◆ PROBLEM DESCRIPTION ◆
In the data below, the answer is the run of lines from the line containing "12月22日22时傍边,国内" through the line containing "Fusak Light Compact", both included; print it exactly and nothing else.

◆ DATA UNDER STUDY ◆
□ □ □
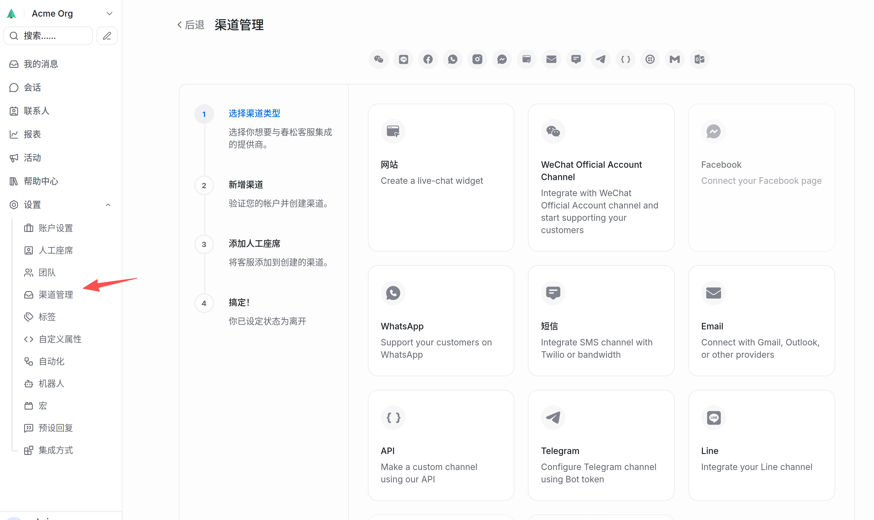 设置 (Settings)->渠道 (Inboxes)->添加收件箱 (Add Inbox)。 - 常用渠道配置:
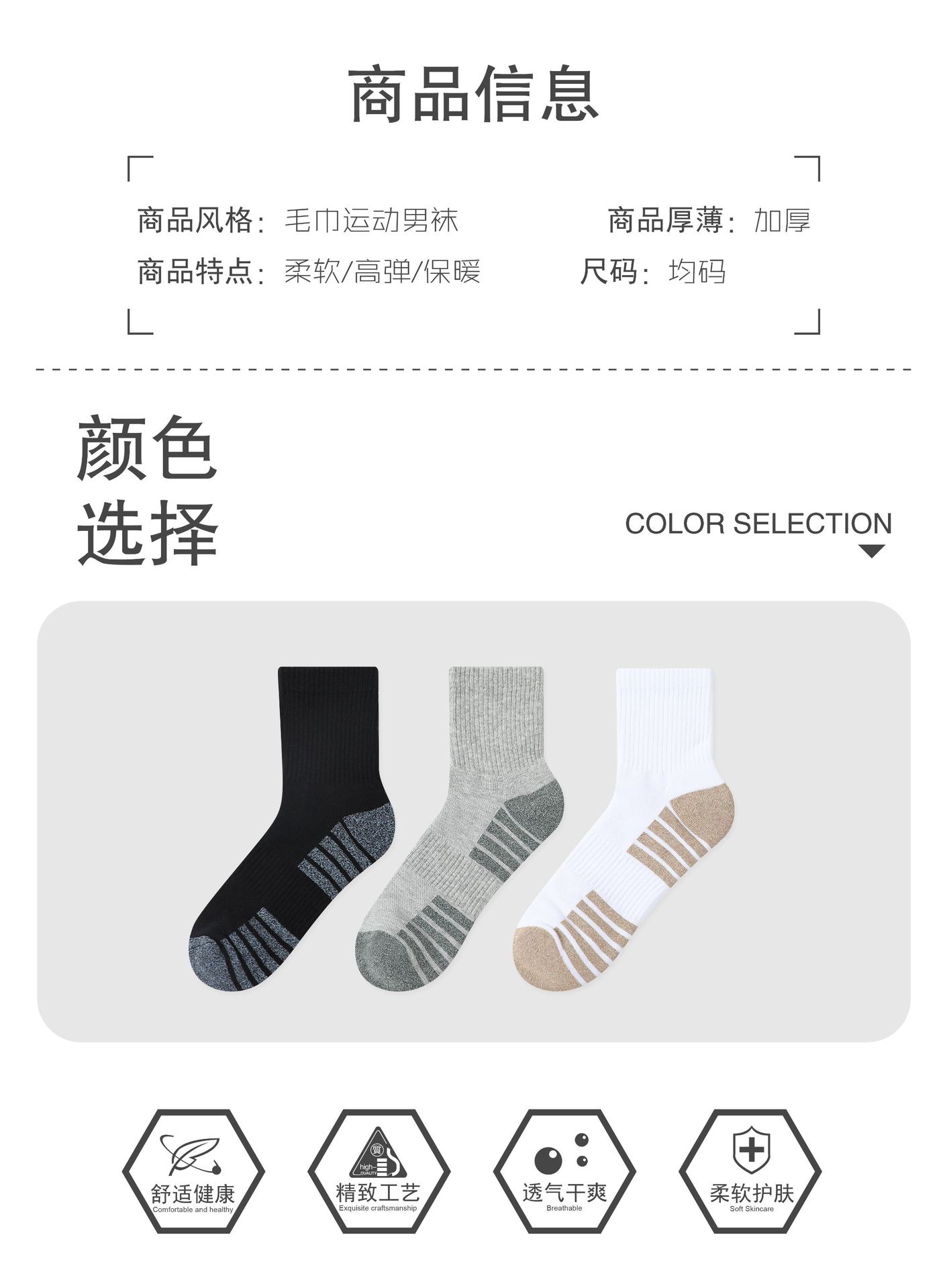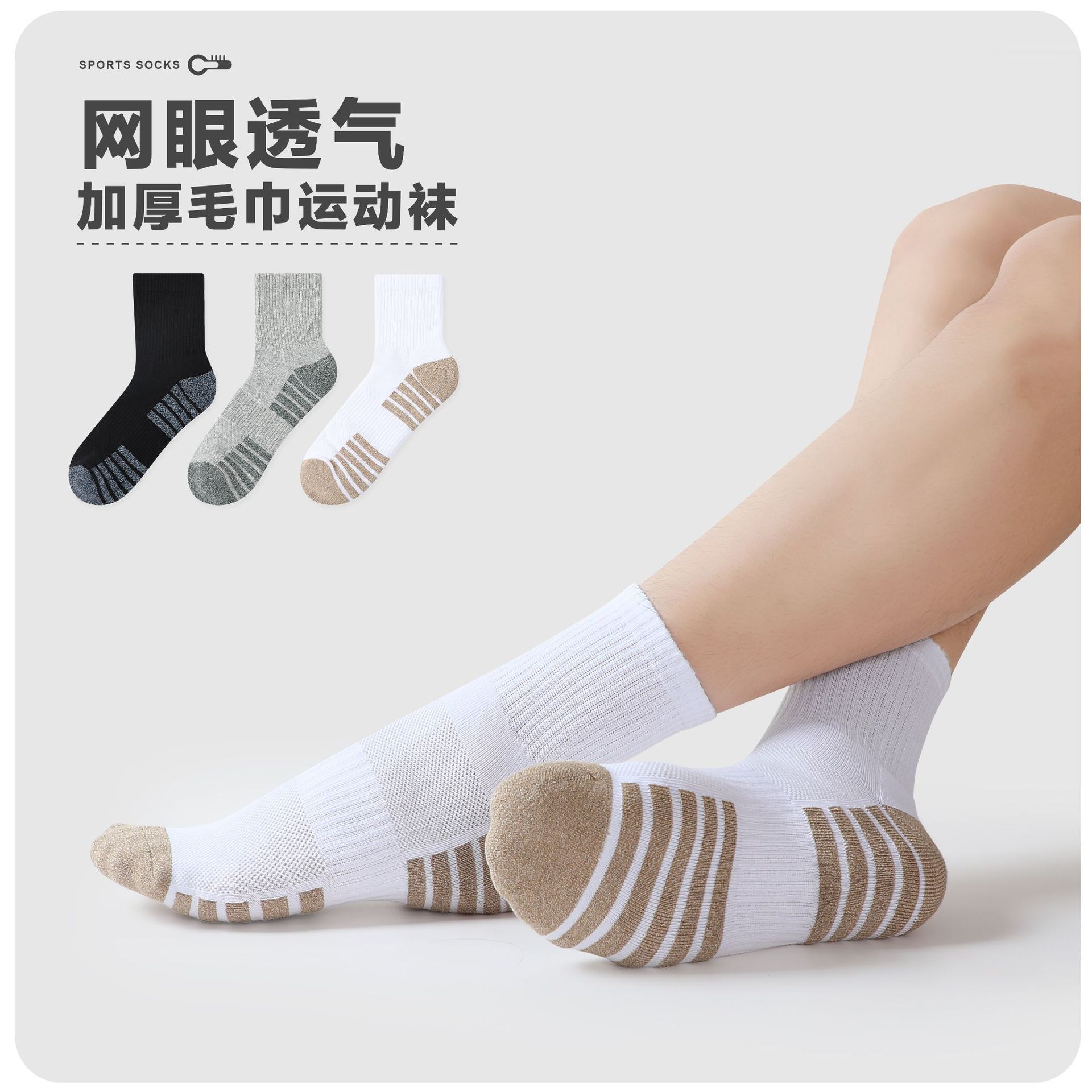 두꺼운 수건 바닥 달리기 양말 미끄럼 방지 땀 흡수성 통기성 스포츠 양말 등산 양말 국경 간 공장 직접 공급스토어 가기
□ □ □
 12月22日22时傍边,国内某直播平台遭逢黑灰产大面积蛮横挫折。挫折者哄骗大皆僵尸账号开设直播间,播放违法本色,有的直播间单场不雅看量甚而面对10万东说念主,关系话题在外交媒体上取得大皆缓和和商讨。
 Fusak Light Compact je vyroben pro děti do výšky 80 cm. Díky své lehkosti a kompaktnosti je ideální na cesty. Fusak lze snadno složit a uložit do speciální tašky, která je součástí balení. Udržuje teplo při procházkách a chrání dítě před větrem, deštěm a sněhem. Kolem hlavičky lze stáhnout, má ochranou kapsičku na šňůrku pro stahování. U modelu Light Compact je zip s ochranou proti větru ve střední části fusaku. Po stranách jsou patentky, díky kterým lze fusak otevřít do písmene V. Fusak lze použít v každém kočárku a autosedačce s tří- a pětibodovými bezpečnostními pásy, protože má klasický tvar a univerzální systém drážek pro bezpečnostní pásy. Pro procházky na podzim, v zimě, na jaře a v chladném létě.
□ □ □
◆ EXERCISE RESULT ◆
 12月22日22时傍边,国内某直播平台遭逢黑灰产大面积蛮横挫折。挫折者哄骗大皆僵尸账号开设直播间,播放违法本色,有的直播间单场不雅看量甚而面对10万东说念主,关系话题在外交媒体上取得大皆缓和和商讨。
 Fusak Light Compact je vyroben pro děti do výšky 80 cm. Díky své lehkosti a kompaktnosti je ideální na cesty. Fusak lze snadno složit a uložit do speciální tašky, která je součástí balení. Udržuje teplo při procházkách a chrání dítě před větrem, deštěm a sněhem. Kolem hlavičky lze stáhnout, má ochranou kapsičku na šňůrku pro stahování. U modelu Light Compact je zip s ochranou proti větru ve střední části fusaku. Po stranách jsou patentky, díky kterým lze fusak otevřít do písmene V. Fusak lze použít v každém kočárku a autosedačce s tří- a pětibodovými bezpečnostními pásy, protože má klasický tvar a univerzální systém drážek pro bezpečnostní pásy. Pro procházky na podzim, v zimě, na jaře a v chladném létě.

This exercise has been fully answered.